Interferencia de la Infección por Rotavirus, Materiales y Métodos

Líneas celulares y cepas de rotavirus

La infección rotaviral se analizó en las líneas celulares MA104 y Caco-2. Las cepas rotavirales analizadas fueron: Wa (origen humano), RRV (origen simiano) y Ym (origen porcino) procedentes del laboratorio del Doctor Carlos Arias, de la Universidad Autónoma de México.

El rotavirus fue propagado en células MA104, previo tratamiento del virus con 10 μg/ml de tripsina a 37° C por 30 minutos y con adiciónde 10 mM de CaCl2, justo antes de ser inoculado a las células MA104 (Pando V., 2002).

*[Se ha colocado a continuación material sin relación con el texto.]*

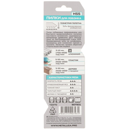 Пилки для лобзика METALLICA Optima T227D предназначены для криволинейного пиления листового алюминия, профилей, полимерных материалов.
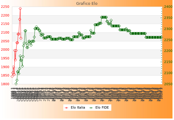 Elo FIDE: 2261    Migliore: 2353  (Maggio 2019)    Peggiore: 2052  (Gennaio 2001)
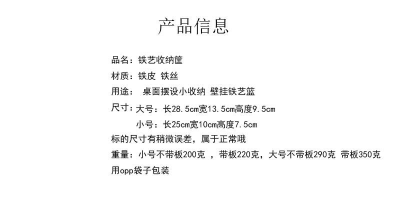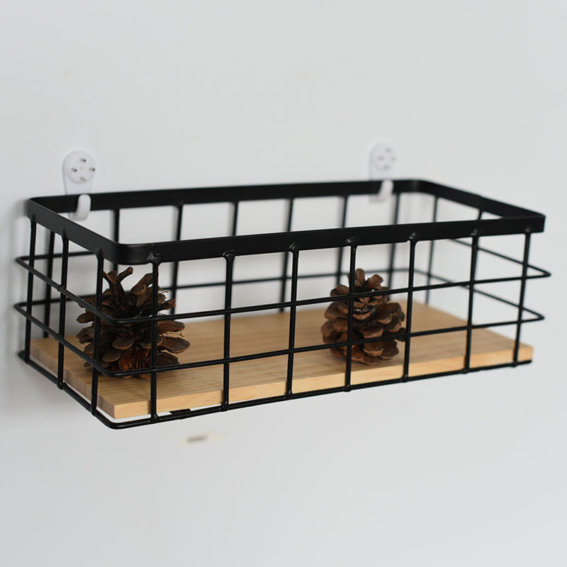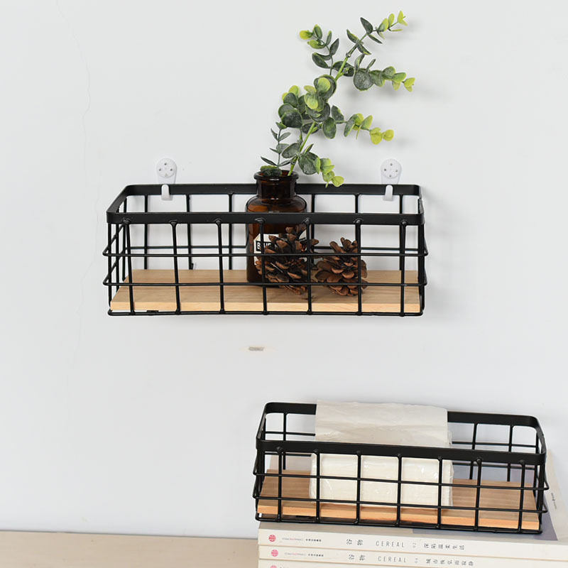 Iron Storage Basket Wall-Mounted Flower Basket Shelf Makeup Box Iron Frame Wall Basket Desktop Storage Rectangular Storage Basket

El lisado celular se congeló y se descongeló con el fin de liberar el virus intracelular y el adherido a la membrana. El lisado celular infectado fue titulado y almacenado a -70°C en alícuotas hasta su uso. (Lea también: Interferencia de la Infección por Rotavirus, Introducción)

Purificación y modificación de partículas virales

Las partículas virales (TLPs) se purificaron mediante extracción con Freón, centrifugación diferencial seguida de separación en gradientes discontinuos de sacarosa y CsCl en buffer TNC (Tris 10 mM, NaCl 150 mM, MgCl2 1 mM, CaCl2 10 mM, pH 7.5) (Pavel, I., 2004), colectando las bandas que contenían las TLPs y DLPs.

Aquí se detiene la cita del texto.